◆ Task prompt
Repeat every record exactly, but omit the images.

[Data entries]
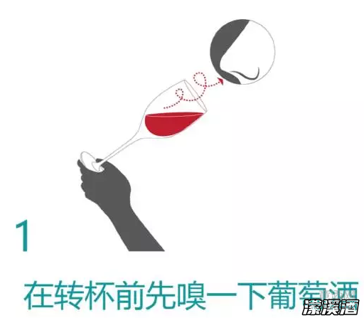 第一次闻:旨在了解葡萄酒香气的强度和挥发性最强的芳香;无需转杯,慢慢将酒杯提上至鼻前并尽量不摇晃杯中葡萄酒。初始映像会传达出酒香的密度和质量并透露出它最具有挥发性的成分。
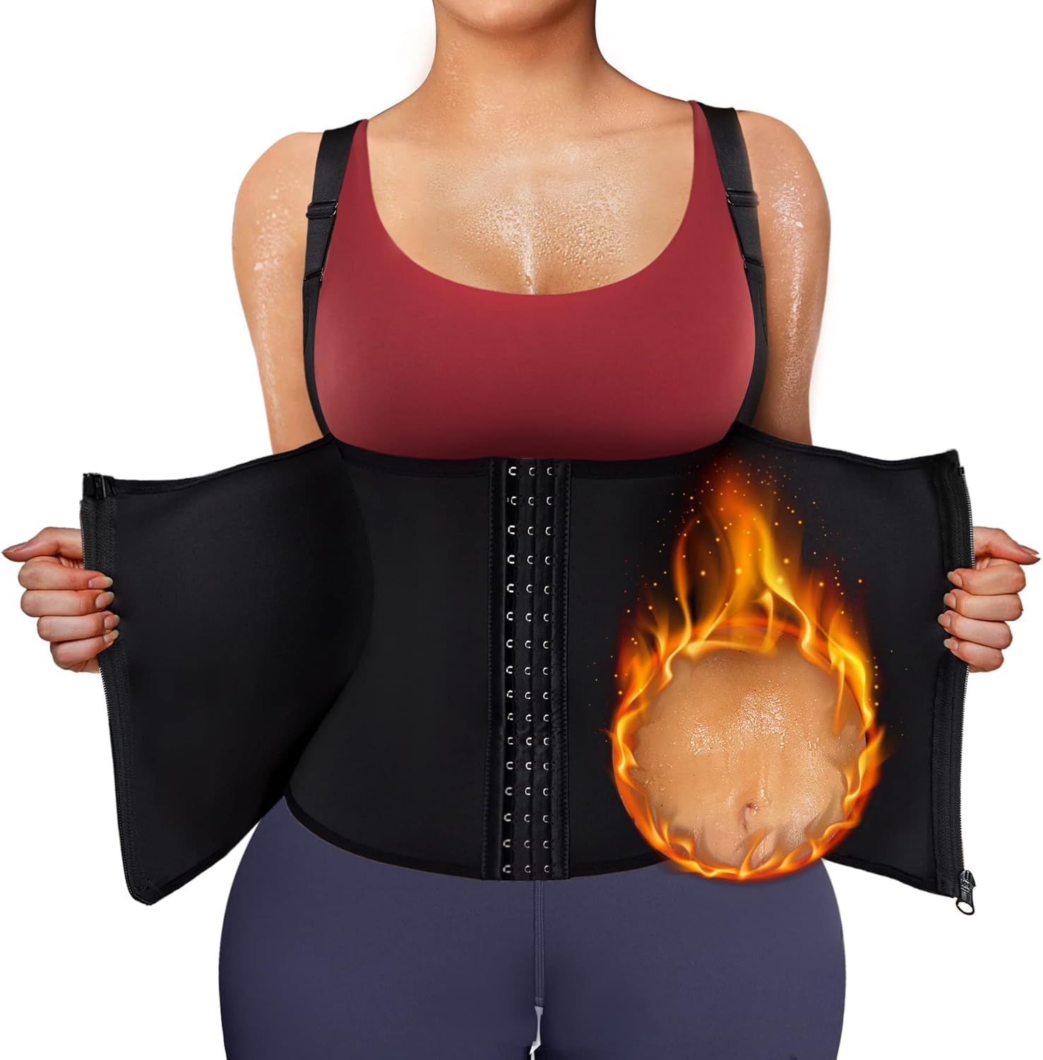 - 【DOPPELTE HOHE KOMPRESSIONSKONTROLLE】 Dieser unterbrust korsett damen bauchweg ist mit einer doppelten Verstärkung an Taille und Bauch ausgestattet, hilft, den Schweiss zu erhöhen, Fett zu verbrennen, um die Taille zu reduzieren, den Bauch zu glätten, bietet mehr Unterstützung durch das Tragen von korsett taillenformer. Verstellbar Shapewear damen bauchweg hat 3 Hakenreihen und Ösenverschlüsse unter dem Reissverschluss, um verschiedene Kompressionsstufen einzustellen.
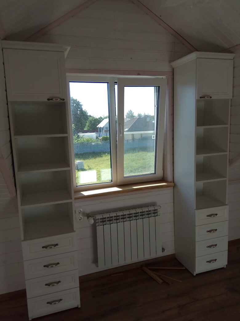 Два шкафа с открытыми полками и выдвижными ящиками внизу.
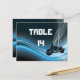 Blue road biker wedding table number postcard, featuring a motorcycle on an abstract gradient blue, white, black background and a white mesh. Some elements courtesy of Clipartandfonts.com.
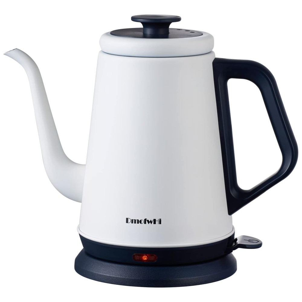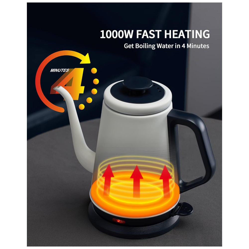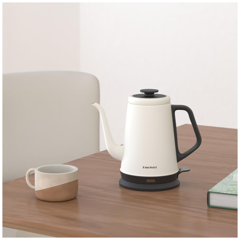 Controle suave e preciso na hora de despejar~ A chaleira elétrica gooseneck da DmofwHi vem com um bico de ganso de 0,8mm que oferece máximo controle da vazão da água. A alça antiderrapante da chaleira elétrica se destaca pela ergonomia, sendo firme e confortável para segurar e deslocar o centro de massa mais próximo da sua mão ao despejar água quente. A chaleira de café DmofwHi vai te ajudar a extrair melhores sabores do café moído, resultando em uma xícara de café mais saborosa. Aço inoxidável de grau alimentício para água pura~ A chaleira elétrica gooseneck é feita inteiramente de aço inoxidável 304 de grau alimentício, incluindo o interior, tampa e bico, garantindo o sabor puro da água para você. Além disso, as chaleiras de água quente possuem uma construção robusta e bem feita para servir a longo prazo. 1000 Watts para Aquecimento Rápido~ Esta chaleira elétrica de chá se destaca por aquecer a água de forma silenciosa e rápida. A chaleira levará cerca de 5 minutos para ferver a água até a capacidade máxima. A água ferve com apenas um toque de botão, permitindo que você desfrute de um café ou chá quente de manhã sem complicações. Por favor, tenha cuidado para não tocar na superfície da chaleira elétrica ao aquecer. Desligamento Automático Quando a Água Ferve~ A chaleira elétrica para ferver água está equipada com proteção contra fervura seca e um recurso avançado de desligamento eletrônico que ativa assim que a água ferve. Além disso, esta chaleira elétrica também irá parar automaticamente de funcionar quando não houver água dentro e voltar ao modo pronto após esfriar. A tampa deve estar fechada ao aquecer a água. Chaleira de Água Elegante de 1,0L com Bico de Ganso na sua Cozinha~ Em termos de capacidade, a chaleira elétrica de água possui um bom tamanho de 1,0L para a maioria das tarefas de despejo na vida: café coado, chá verde, oolong, leite e água fervida. A chaleira pode ser facilmente retirada da base de aquecimento estável. O design sem fio torna a chaleira elétrica ideal para qualquer ocasião. Você pode armazenar sua chaleira de café coado de forma bonita e organizada agrupando o cabo na base de aquecimento.
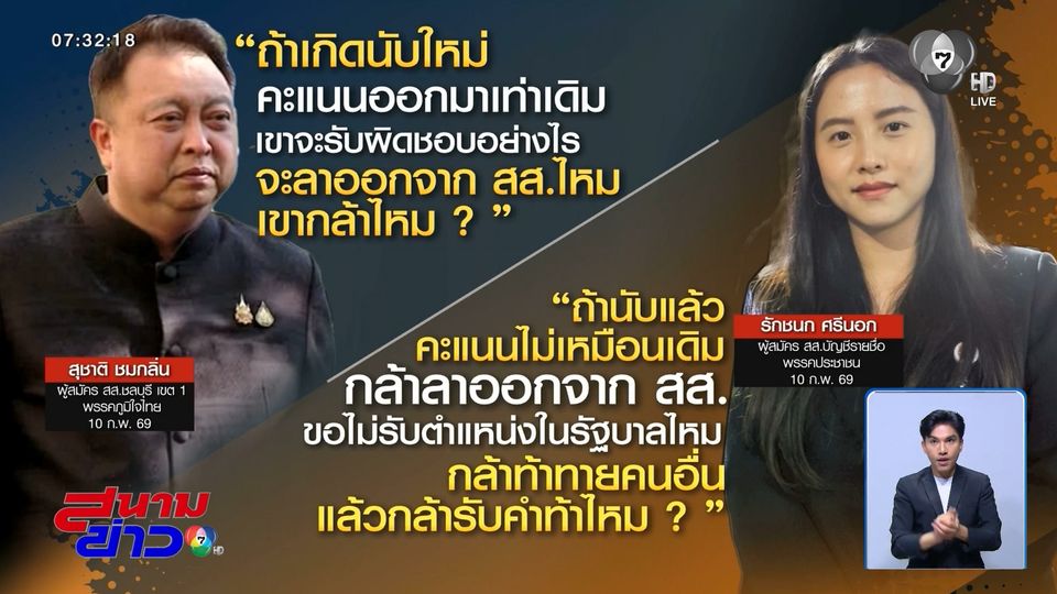 สนามข่าว 7 สี - เรียกว่าเป็นมวยถูกคู่ สำหรับ เสี่ยเฮ้ง สุชาติ และ คุณไอซ์ รักชนก ที่ออกมาท้ากันไปมา หลังมีปัญหานับคะแนนเลือกตั้ง เขต 1 ชลบุรี จนถึงตอนนี้ยังไม่ได้ข้อสรุปว่าจะต้องนับใหม่หรือไม่ กกต. บอกให้รอ 2 วัน
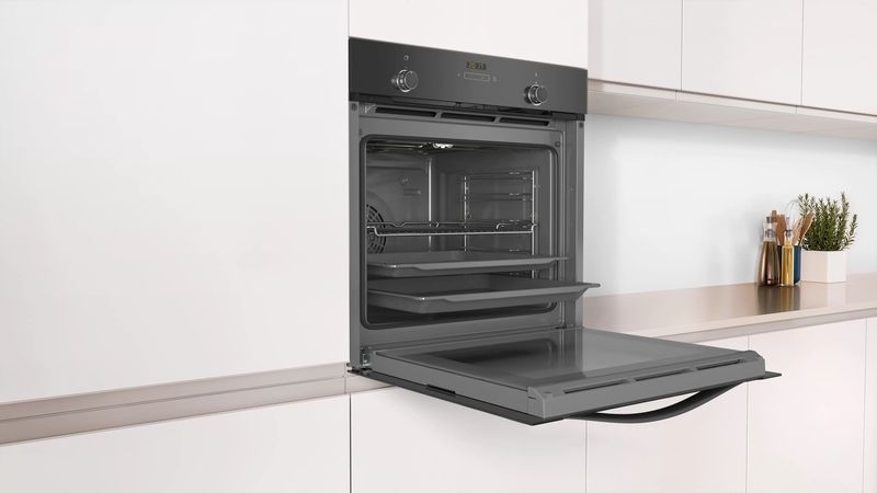 - Backofeninnenraum mit Einhängegittern. Teleskopauszug nachrüstbar
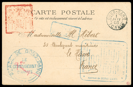 703 c   ImagePlace de Dong-Dang/Le/Commandant/D'Armes, large blue military cachet signed by an officer and three other military chops on picture post card to Le Havre, "Dong-Dang, Tonkin/1 Janv, 03" datestamp, card with tape repaired corner crease at bottom left, otherwise very fine and rare. (Image) Est. $200-300
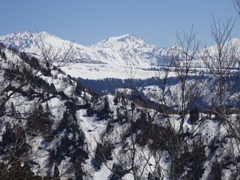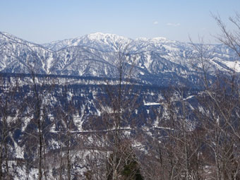 | 大明神山(左)から、毛勝山・釜谷山・猫又山 |

◆ Exercise answer
 第一次闻:旨在了解葡萄酒香气的强度和挥发性最强的芳香;无需转杯,慢慢将酒杯提上至鼻前并尽量不摇晃杯中葡萄酒。初始映像会传达出酒香的密度和质量并透露出它最具有挥发性的成分。
 - 【DOPPELTE HOHE KOMPRESSIONSKONTROLLE】 Dieser unterbrust korsett damen bauchweg ist mit einer doppelten Verstärkung an Taille und Bauch ausgestattet, hilft, den Schweiss zu erhöhen, Fett zu verbrennen, um die Taille zu reduzieren, den Bauch zu glätten, bietet mehr Unterstützung durch das Tragen von korsett taillenformer. Verstellbar Shapewear damen bauchweg hat 3 Hakenreihen und Ösenverschlüsse unter dem Reissverschluss, um verschiedene Kompressionsstufen einzustellen.
 Два шкафа с открытыми полками и выдвижными ящиками внизу.
 Blue road biker wedding table number postcard, featuring a motorcycle on an abstract gradient blue, white, black background and a white mesh. Some elements courtesy of Clipartandfonts.com.
 Controle suave e preciso na hora de despejar~ A chaleira elétrica gooseneck da DmofwHi vem com um bico de ganso de 0,8mm que oferece máximo controle da vazão da água. A alça antiderrapante da chaleira elétrica se destaca pela ergonomia, sendo firme e confortável para segurar e deslocar o centro de massa mais próximo da sua mão ao despejar água quente. A chaleira de café DmofwHi vai te ajudar a extrair melhores sabores do café moído, resultando em uma xícara de café mais saborosa. Aço inoxidável de grau alimentício para água pura~ A chaleira elétrica gooseneck é feita inteiramente de aço inoxidável 304 de grau alimentício, incluindo o interior, tampa e bico, garantindo o sabor puro da água para você. Além disso, as chaleiras de água quente possuem uma construção robusta e bem feita para servir a longo prazo. 1000 Watts para Aquecimento Rápido~ Esta chaleira elétrica de chá se destaca por aquecer a água de forma silenciosa e rápida. A chaleira levará cerca de 5 minutos para ferver a água até a capacidade máxima. A água ferve com apenas um toque de botão, permitindo que você desfrute de um café ou chá quente de manhã sem complicações. Por favor, tenha cuidado para não tocar na superfície da chaleira elétrica ao aquecer. Desligamento Automático Quando a Água Ferve~ A chaleira elétrica para ferver água está equipada com proteção contra fervura seca e um recurso avançado de desligamento eletrônico que ativa assim que a água ferve. Além disso, esta chaleira elétrica também irá parar automaticamente de funcionar quando não houver água dentro e voltar ao modo pronto após esfriar. A tampa deve estar fechada ao aquecer a água. Chaleira de Água Elegante de 1,0L com Bico de Ganso na sua Cozinha~ Em termos de capacidade, a chaleira elétrica de água possui um bom tamanho de 1,0L para a maioria das tarefas de despejo na vida: café coado, chá verde, oolong, leite e água fervida. A chaleira pode ser facilmente retirada da base de aquecimento estável. O design sem fio torna a chaleira elétrica ideal para qualquer ocasião. Você pode armazenar sua chaleira de café coado de forma bonita e organizada agrupando o cabo na base de aquecimento.
 สนามข่าว 7 สี - เรียกว่าเป็นมวยถูกคู่ สำหรับ เสี่ยเฮ้ง สุชาติ และ คุณไอซ์ รักชนก ที่ออกมาท้ากันไปมา หลังมีปัญหานับคะแนนเลือกตั้ง เขต 1 ชลบุรี จนถึงตอนนี้ยังไม่ได้ข้อสรุปว่าจะต้องนับใหม่หรือไม่ กกต. บอกให้รอ 2 วัน
 - Backofeninnenraum mit Einhängegittern. Teleskopauszug nachrüstbar
 703 c   ImagePlace de Dong-Dang/Le/Commandant/D'Armes, large blue military cachet signed by an officer and three other military chops on picture post card to Le Havre, "Dong-Dang, Tonkin/1 Janv, 03" datestamp, card with tape repaired corner crease at bottom left, otherwise very fine and rare. (Image) Est. $200-300
 | 大明神山(左)から、毛勝山・釜谷山・猫又山 |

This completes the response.